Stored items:
╔══

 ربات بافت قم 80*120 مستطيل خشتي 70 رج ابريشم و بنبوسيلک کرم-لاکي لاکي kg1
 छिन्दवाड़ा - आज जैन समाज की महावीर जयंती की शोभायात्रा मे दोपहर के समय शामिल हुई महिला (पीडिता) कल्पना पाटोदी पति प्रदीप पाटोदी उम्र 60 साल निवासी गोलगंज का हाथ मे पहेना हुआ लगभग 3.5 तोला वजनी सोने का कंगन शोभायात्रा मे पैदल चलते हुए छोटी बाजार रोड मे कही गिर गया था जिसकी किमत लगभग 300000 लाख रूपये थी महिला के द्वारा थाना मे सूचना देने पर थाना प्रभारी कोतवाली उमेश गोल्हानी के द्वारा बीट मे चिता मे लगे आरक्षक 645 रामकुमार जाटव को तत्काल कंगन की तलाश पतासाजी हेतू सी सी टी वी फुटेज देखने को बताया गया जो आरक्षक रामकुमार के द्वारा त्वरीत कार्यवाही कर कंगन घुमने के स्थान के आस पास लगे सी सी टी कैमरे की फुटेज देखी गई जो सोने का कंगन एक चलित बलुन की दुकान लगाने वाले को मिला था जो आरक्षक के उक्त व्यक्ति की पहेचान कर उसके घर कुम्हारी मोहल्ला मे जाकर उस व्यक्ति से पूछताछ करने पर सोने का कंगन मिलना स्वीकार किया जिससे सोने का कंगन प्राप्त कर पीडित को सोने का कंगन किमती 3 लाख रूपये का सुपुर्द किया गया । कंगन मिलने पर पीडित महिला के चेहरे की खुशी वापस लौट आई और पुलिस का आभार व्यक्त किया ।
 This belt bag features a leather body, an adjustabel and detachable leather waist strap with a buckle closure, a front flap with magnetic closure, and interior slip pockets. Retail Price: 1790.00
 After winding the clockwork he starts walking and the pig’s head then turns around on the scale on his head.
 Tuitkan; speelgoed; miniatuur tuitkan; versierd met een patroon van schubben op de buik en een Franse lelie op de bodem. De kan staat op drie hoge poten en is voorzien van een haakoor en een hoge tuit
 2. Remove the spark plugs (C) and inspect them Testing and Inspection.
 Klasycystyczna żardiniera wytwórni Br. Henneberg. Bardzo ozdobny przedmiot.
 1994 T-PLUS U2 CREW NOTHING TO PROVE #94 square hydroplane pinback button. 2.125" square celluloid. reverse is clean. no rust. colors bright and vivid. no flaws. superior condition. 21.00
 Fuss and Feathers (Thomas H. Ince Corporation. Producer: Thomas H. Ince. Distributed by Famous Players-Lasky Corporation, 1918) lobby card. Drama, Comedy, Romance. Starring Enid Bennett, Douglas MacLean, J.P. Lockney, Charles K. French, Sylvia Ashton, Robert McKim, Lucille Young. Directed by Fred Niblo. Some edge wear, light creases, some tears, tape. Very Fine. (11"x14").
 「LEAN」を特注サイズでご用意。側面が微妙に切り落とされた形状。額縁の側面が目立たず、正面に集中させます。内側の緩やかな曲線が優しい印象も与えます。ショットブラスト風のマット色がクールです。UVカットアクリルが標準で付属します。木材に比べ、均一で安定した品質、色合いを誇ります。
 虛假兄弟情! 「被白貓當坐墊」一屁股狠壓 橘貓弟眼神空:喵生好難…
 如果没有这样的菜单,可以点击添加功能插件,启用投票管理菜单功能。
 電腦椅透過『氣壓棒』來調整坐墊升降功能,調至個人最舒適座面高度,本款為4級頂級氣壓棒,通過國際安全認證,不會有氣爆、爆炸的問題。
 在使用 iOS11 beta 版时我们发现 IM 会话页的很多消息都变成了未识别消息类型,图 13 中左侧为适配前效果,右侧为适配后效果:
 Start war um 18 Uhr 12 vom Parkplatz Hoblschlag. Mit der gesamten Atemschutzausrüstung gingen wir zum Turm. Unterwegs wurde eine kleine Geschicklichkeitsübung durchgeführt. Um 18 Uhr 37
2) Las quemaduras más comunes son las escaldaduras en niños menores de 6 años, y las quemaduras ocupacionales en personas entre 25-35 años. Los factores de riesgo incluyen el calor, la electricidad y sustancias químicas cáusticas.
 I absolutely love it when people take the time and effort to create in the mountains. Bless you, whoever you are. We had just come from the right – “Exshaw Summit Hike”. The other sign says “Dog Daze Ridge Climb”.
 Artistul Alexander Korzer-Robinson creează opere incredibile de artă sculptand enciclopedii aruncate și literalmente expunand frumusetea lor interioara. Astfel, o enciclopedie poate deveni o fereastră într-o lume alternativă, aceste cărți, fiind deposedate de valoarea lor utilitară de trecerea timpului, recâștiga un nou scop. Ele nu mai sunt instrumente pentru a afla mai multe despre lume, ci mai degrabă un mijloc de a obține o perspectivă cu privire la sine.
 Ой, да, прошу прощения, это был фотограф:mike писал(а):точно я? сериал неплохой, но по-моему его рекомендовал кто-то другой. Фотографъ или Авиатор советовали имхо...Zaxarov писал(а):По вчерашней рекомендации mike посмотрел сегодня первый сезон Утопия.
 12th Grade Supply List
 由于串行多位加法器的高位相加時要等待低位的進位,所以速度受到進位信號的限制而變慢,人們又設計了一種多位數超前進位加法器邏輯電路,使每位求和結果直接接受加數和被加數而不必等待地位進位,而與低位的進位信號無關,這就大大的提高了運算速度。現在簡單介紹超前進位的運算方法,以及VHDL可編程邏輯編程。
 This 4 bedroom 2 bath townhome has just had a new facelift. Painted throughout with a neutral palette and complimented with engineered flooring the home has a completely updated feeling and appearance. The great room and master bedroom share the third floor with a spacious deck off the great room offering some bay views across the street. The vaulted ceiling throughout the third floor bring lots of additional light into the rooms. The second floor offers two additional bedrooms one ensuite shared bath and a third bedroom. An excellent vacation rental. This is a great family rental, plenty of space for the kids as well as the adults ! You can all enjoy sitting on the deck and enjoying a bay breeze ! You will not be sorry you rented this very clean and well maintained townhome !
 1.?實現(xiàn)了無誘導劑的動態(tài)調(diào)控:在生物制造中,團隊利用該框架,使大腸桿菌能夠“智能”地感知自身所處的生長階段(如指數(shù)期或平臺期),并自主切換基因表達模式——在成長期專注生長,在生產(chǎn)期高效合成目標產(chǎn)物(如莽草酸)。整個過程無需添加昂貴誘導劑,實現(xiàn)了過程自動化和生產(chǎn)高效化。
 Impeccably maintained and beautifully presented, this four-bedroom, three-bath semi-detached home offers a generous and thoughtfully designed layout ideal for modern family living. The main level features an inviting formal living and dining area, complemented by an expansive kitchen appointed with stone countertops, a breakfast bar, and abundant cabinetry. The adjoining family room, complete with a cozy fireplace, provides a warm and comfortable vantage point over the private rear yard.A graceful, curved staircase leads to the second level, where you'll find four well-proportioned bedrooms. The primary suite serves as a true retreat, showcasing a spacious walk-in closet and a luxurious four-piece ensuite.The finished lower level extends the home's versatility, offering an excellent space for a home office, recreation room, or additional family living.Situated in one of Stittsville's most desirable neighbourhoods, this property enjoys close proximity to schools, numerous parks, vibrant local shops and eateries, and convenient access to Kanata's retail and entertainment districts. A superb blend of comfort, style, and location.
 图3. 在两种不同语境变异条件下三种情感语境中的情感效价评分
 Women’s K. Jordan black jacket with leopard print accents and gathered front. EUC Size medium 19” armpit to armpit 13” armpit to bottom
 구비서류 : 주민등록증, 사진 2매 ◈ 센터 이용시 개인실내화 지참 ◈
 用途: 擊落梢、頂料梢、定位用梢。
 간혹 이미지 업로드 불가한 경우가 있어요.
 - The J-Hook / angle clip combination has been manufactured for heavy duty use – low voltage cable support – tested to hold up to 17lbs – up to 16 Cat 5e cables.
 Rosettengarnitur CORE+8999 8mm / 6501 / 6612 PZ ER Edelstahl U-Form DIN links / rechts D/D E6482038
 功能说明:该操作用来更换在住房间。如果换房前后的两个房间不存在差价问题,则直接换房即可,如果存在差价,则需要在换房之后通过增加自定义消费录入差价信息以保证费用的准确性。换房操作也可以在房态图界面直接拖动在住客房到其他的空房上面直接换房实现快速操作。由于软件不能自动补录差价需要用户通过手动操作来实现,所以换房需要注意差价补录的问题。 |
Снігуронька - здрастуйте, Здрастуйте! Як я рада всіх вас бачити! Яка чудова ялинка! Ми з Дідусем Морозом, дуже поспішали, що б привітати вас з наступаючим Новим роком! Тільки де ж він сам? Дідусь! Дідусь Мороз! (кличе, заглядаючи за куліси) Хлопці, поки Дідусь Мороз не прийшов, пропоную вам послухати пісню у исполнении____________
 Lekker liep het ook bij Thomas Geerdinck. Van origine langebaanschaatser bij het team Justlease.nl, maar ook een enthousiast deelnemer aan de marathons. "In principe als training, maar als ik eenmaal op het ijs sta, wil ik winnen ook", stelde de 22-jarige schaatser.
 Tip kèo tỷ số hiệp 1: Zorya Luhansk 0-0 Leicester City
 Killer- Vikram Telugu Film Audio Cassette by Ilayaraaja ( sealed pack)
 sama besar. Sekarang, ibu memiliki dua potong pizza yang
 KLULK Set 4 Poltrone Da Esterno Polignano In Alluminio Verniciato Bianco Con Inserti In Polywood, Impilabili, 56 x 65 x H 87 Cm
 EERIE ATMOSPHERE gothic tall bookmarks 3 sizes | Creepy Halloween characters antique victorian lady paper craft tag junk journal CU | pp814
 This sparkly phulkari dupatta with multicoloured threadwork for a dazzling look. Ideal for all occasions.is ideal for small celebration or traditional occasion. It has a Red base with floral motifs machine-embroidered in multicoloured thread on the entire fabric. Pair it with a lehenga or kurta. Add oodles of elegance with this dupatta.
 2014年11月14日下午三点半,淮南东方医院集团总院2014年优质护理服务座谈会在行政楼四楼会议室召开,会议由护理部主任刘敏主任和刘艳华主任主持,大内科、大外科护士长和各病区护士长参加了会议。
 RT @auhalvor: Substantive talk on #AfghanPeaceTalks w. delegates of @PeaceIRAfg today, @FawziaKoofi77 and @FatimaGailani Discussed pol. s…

╚══

- Work to complete
The lines from the one containing "2014年11月14日下午三" through the last line of the records are to be transcribed exactly, with nothing else added.

- Your response
 2014年11月14日下午三点半,淮南东方医院集团总院2014年优质护理服务座谈会在行政楼四楼会议室召开,会议由护理部主任刘敏主任和刘艳华主任主持,大内科、大外科护士长和各病区护士长参加了会议。
 RT @auhalvor: Substantive talk on #AfghanPeaceTalks w. delegates of @PeaceIRAfg today, @FawziaKoofi77 and @FatimaGailani Discussed pol. s…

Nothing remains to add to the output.